▶ _SOURCE INFORMATION_:
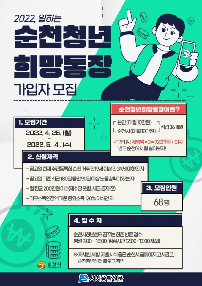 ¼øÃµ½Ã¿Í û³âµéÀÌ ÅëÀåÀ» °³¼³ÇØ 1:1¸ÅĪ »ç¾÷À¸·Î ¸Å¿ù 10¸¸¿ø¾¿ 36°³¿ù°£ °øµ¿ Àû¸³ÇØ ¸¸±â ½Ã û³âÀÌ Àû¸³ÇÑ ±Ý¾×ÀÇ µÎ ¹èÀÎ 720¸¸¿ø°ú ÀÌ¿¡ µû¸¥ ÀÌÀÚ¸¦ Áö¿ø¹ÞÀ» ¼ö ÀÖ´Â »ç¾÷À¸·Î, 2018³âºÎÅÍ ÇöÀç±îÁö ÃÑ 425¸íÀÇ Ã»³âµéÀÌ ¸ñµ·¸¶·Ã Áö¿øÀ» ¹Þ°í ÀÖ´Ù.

* * *

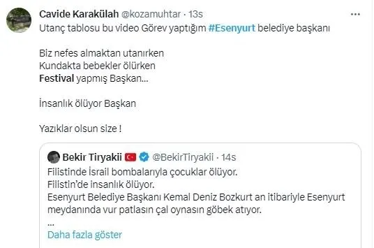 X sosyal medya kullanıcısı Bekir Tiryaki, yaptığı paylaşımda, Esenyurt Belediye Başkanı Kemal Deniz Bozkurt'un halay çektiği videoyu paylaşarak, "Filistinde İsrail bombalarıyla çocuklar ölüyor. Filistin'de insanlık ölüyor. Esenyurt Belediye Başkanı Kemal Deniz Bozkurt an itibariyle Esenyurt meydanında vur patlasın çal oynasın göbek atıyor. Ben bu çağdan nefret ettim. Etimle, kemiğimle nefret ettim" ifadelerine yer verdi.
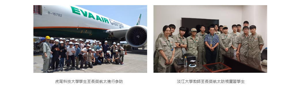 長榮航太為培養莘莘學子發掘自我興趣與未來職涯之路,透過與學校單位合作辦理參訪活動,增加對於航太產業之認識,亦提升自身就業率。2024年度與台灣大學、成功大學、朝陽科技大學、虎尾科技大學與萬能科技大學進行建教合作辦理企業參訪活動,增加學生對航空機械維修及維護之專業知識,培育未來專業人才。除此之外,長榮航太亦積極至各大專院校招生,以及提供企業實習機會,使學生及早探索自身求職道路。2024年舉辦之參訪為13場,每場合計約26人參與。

▶ _WHAT THE TASK REQUIRES_:
Only the lines above from the one containing "X sosyal medya" through the one containing "長榮航太為培養莘莘學子發掘自" should be returned, verbatim and inclusive, with pictures excluded.

▶ _RESULT OF THE TASK_:
 X sosyal medya kullanıcısı Bekir Tiryaki, yaptığı paylaşımda, Esenyurt Belediye Başkanı Kemal Deniz Bozkurt'un halay çektiği videoyu paylaşarak, "Filistinde İsrail bombalarıyla çocuklar ölüyor. Filistin'de insanlık ölüyor. Esenyurt Belediye Başkanı Kemal Deniz Bozkurt an itibariyle Esenyurt meydanında vur patlasın çal oynasın göbek atıyor. Ben bu çağdan nefret ettim. Etimle, kemiğimle nefret ettim" ifadelerine yer verdi.
 長榮航太為培養莘莘學子發掘自我興趣與未來職涯之路,透過與學校單位合作辦理參訪活動,增加對於航太產業之認識,亦提升自身就業率。2024年度與台灣大學、成功大學、朝陽科技大學、虎尾科技大學與萬能科技大學進行建教合作辦理企業參訪活動,增加學生對航空機械維修及維護之專業知識,培育未來專業人才。除此之外,長榮航太亦積極至各大專院校招生,以及提供企業實習機會,使學生及早探索自身求職道路。2024年舉辦之參訪為13場,每場合計約26人參與。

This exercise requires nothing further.